Start at the line below containing "همچنین برای مشاهده" and stop at the line containing "Crest Audio の公式機能、および". Repeat every line of that stretch exactly, and nothing outside it.

* EXTRACTED INFORMATION *

= = =

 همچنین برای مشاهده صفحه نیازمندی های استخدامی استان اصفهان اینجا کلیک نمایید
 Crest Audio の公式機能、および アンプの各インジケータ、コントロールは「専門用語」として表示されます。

= = =

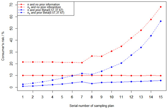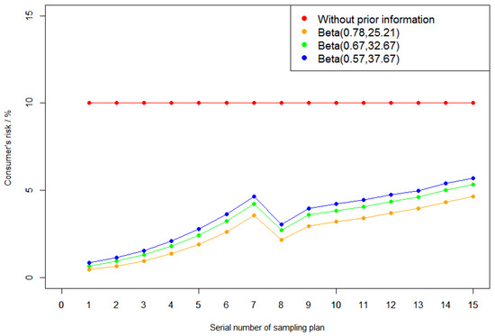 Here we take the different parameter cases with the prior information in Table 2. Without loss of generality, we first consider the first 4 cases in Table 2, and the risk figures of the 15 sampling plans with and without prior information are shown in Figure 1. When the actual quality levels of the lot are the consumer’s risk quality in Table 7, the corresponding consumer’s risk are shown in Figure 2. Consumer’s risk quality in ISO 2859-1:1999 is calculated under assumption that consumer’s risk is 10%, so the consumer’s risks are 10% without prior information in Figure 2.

= = =

* RESPONSE *
 همچنین برای مشاهده صفحه نیازمندی های استخدامی استان اصفهان اینجا کلیک نمایید
 Crest Audio の公式機能、および アンプの各インジケータ、コントロールは「専門用語」として表示されます。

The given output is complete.